DARPA - Strategic Social Interaction Module: Modeling Human Social Interaction in Multimodal Data

The objective of this project is to model social interactions between humans with focuses on the science of social interactions and human dynamics, technological and pedagogical design of training tools for developing human dynamics interaction proficiencies, and assessment of SSIM training and subsequent performance outcomes. 

With the help of social psychologist, we defined a set of social interaction predicates such as joint attention and entrainment. Based on sound social psychological theory and methodology we collected a new dataset, “Tower Game”, consisting of audio-visual capture of dyadic interactions labeled with social interaction predicates.
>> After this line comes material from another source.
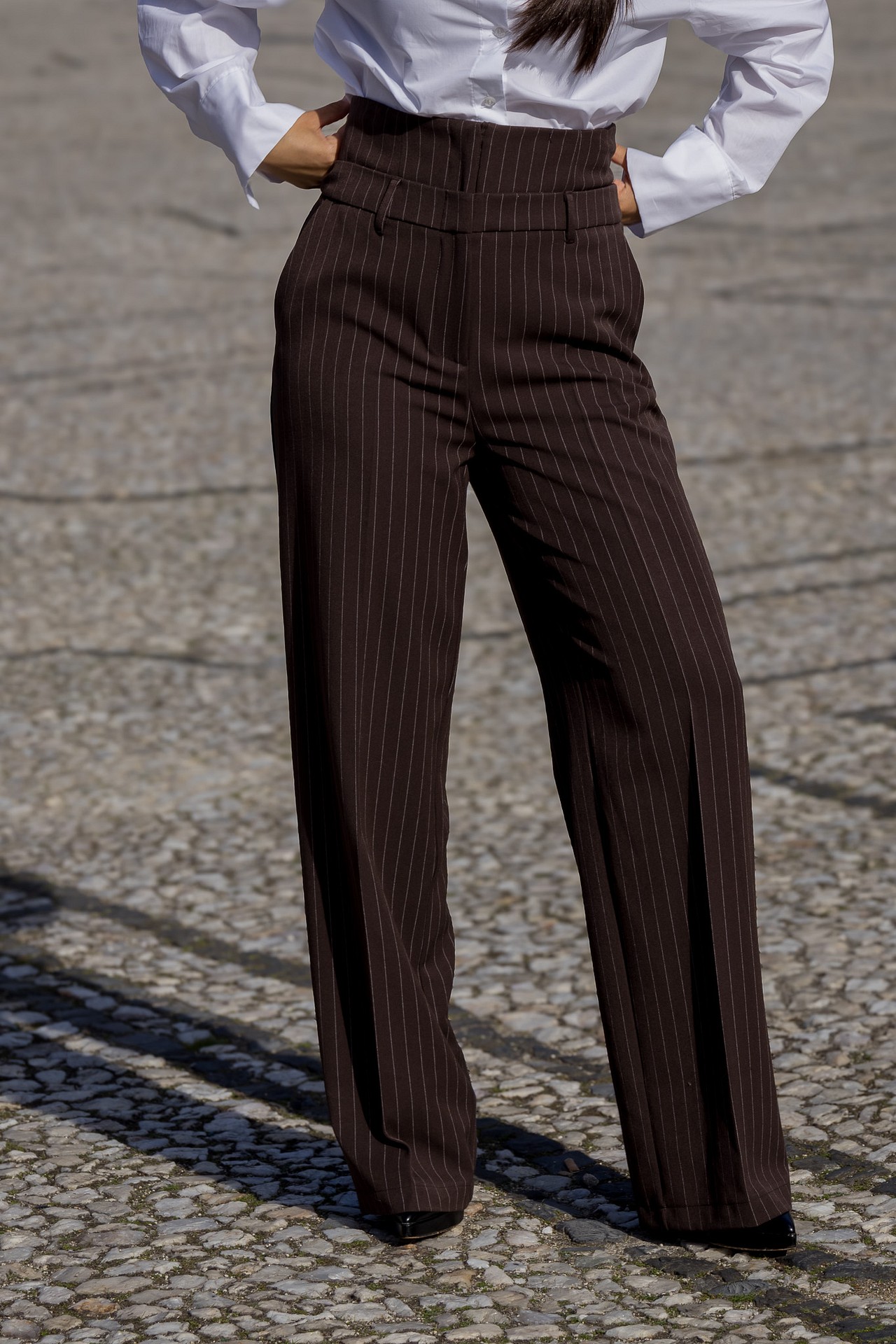 CALÇAS CASTANHAS DE ALFAIATARIA COM RISCA DIPLOMÁTICA IMPERIAL

For modeling of social interaction in multimodal data, we developed three a novel hybrid represenation learning models to uncover actionable constituents of social interaction predicates in audio, motion capture, and multmodal data. For our initial model, we developed a unimodal hybrid model which consists of a generative model, which is used for unsupervised representation learning of short term temporal phenomena and a discriminative model, which is used for event detection and classification of long range temporal dynamics. We applied this model to audio only and achieved state-of-the-art results. We then extended the audio only model to model two sets of homogenous data and used it to analyize motion capture data of two people interacting. Finally, we extended our model to address heterogeneous data and applied it to audio and motion capture data.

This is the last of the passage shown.